On Monday my wife and I went to a cafe in town near to our Night Shelter. Opposite there is a shop where I know they sell legal highs. (I have this on good authority - the people who manage our Night Shelter know where the clients get their stuff.) Every now and then I would see a car pull up and a passenger would rush out into the shop and reappear very soon shoving their purchase in their pockets.  Or people would be walking along the road and take a quick diversion into the shop. I recognised some of these guys as people who had frequented our Church drop-in centre, Space2B or Christmas day dinner.  As I watched I got angry.

  1. These people cannot financially afford these drugs. They are not eating properly, not paying their rent or stealing to purchase their supply.
  2. These people already are battling life/mental health and social issues, and do not need their brains addled any more.
Let me tell you about one. He is a big guy and he visits Churches or walks up to people in the street and asks people for five dollars.

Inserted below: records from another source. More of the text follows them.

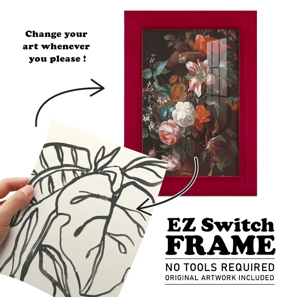 Tropical Contour I -EZ SWITCH Framed Print w/glass-Cherry Red A delightful, framed print. Featuring a solid wood frame with real wood glass. This premium print is giclee quality. In addition, every frame features a removable back and table top stand. This allows you to change your art in the future or to just stand the art on a table for a new look. We are sure you'll enjoy our new series of EZ SWITCH Framed Art. Solid Wood Frame Real Glass Removable / Replaceable Art Built in Tabletop Stand Sizes range from 4x6 up to 12x15 - buy just one or pair them up as sets as you see fit.
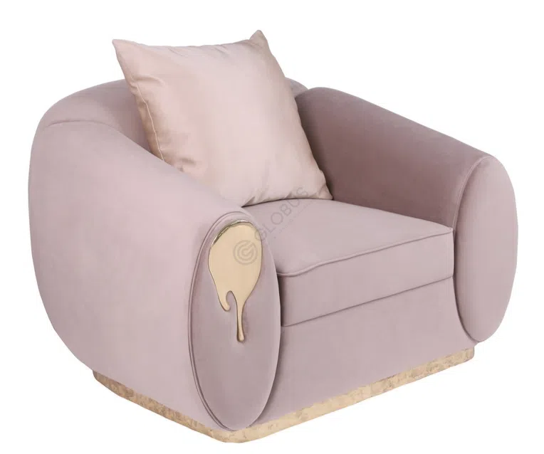 Модель легко сочетается с мрамором, темным деревом и приглушенной палитрой текстиля, собирая зону гостиной в цельную и изысканную композицию.
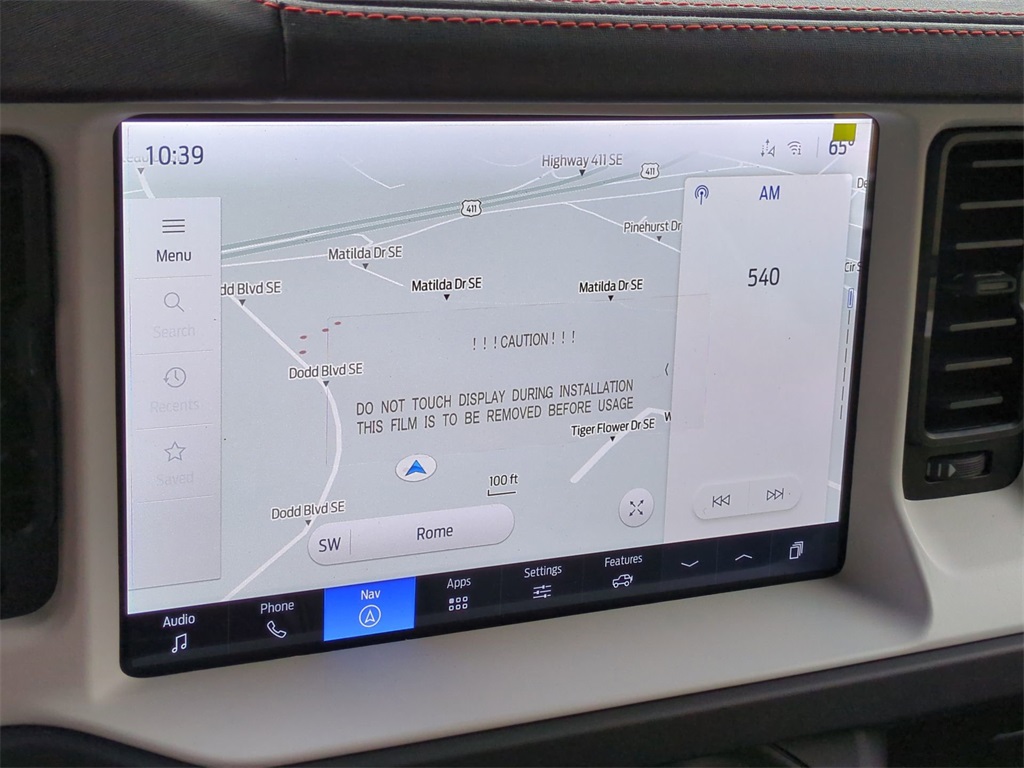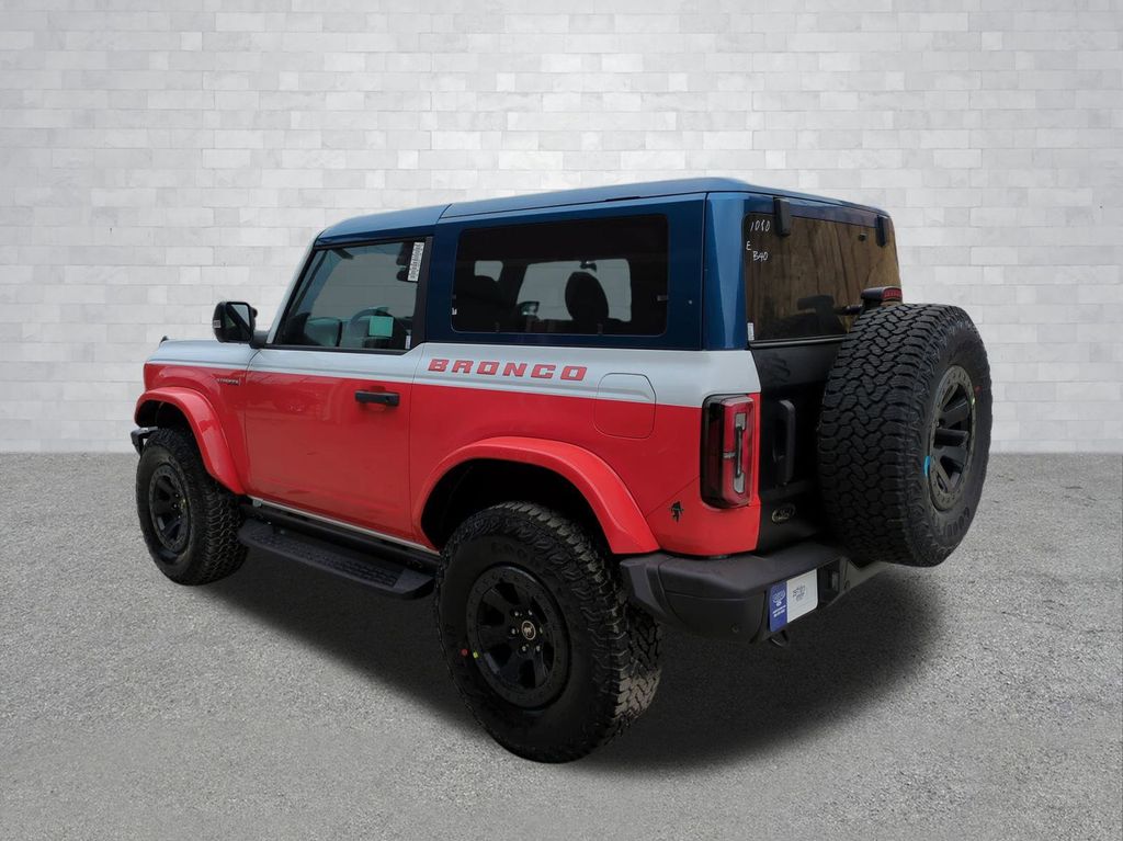 2025 Oxford White 2025 Ford Bronco Stroppe Edition 4WD 2.7L EcoBoost V6 12 Speakers, 4-Wheel Disc Brakes, ABS brakes, Air Conditioning, Alloy wheels, AM/FM radio: SiriusXM with 360L, Auto High-beam Headlights, Auto-dimming Rear-View mirror, Automatic temperature control, Brake assist, Compass, Connected Navigation, Convertible HardTop, Convertible roof lining, Delay-off headlights, Driver door bin, Driver vanity mirror, Dual front impact airbags, Dual front side impact airbags, Electronic Stability Control, Emergency communication system: 911 Assist, Exterior Parking Camera Rear, Front anti-roll bar, Front Bucket Seats, Front Center Armrest, Front dual zone A/C, Front reading lights, Front wheel independent suspension, Fully automatic headlights, Garage door transmitter, Glass rear window, Heated door mirrors, Heated front seats, Heated steering wheel, Illuminated entry, Integrated roll-over protection, Leather Shift Knob, Low tire pressure warning, Navigation system: Connected Navigation, Occupant sensing airbag, Outside temperature display, Overhead airbag, Overhead console, Panic alarm, Passenger door bin, Passenger vanity mirror, Power door mirrors, Power steering, Power windows, Radio data system, Radio: B&O Sound System by Bang & Olufsen, Rear anti-roll bar, Rear window defroster, Rear window wiper, Remote keyless entry, Security system, SiriusXM w/360L, Speed control, Split folding rear seat, Steering wheel mounted audio controls, SYNC 4, Tachometer, Telescoping steering wheel, Tilt steering wheel, Traction control, Trip computer, Turn signal indicator mirrors, Unique Vinyl Bucket Seats, Variably intermittent wipers, Voltmeter, and Wheels: 17" Unique Matte Black-Painted Alloy Courtesy Ford and Lincoln of Rome 101 Hwy 411 E Rome, Ga 30161 ROMEFORDLINC.COM 706.235.4453.
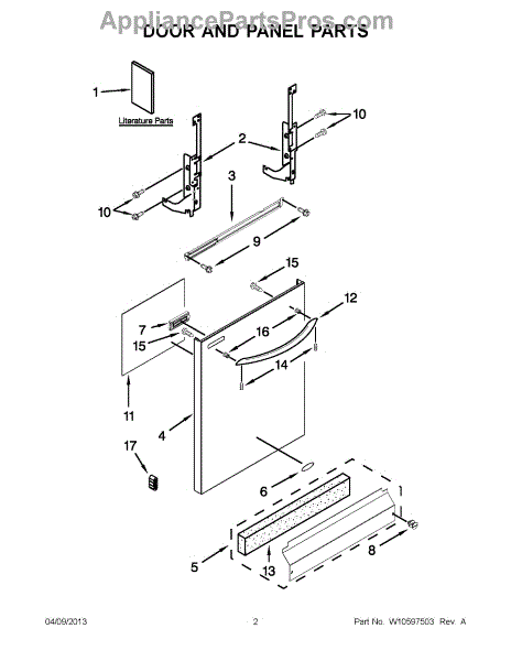 The Panel (BLK) is an OEM part for Whirlpool dishwashers. This black exterior panel is designed to provide a sleek and durable front surface for the dishwasher, enhancing its appearance and protecting internal components.

If asked he will tell some sad story. He is an intimidating figure standing over you, looking down at you, with his hand out. It is only five dollars and many figure it is worth it to get rid of him, that is clever on his part. But it rewards bad behaviour and he only has to intimidate 20 people to get $100.  He has come into our Church at the end of worship, had a cup of tea, scoffed as many biscuits he can get his hands on and asked elderly ladies for five dollars in this intimidating fashion.  Most people had enough sense to refer him to me as the keeper of benevolent funds. - He knew better than to ask me.  I saw him once lifting the lid on the donation box at the church, until he saw me watching. Another time I saw him sit by a handbag, easing his hand toward it, but again he saw me watching. 
I evict him. Let me tell you how, it is a practiced process I have developed with trouble makers in the drop-in centre. I stand where they cannot help but see me and I glare at them. They keep glancing at me, only to find me still eyeballing them. He moves somewhere else, and I move and continue to glare. He knows without me saying that I know what he is up to and that I will intervene if need be. Usually the trouble maker chooses to leave or modifies their behaviour.  I think it is like a heading or eye dog herds sheep. They turn sheep and move sheep without barking, only staring.  In the same way this works without me having to make a scene or disturb the peace.  Often if you do verbally challenge behaviour all you end up with is arguments in which they lie and act innocent, and you do not have clear evidence to support your side and you are left blustering with no sting.  But "the look" gets them and communicates. I find again and again, the intentional and obvious surveillance deals with the problem, communicates your suspicions, and makes them uncomfortable, without a word spoken.  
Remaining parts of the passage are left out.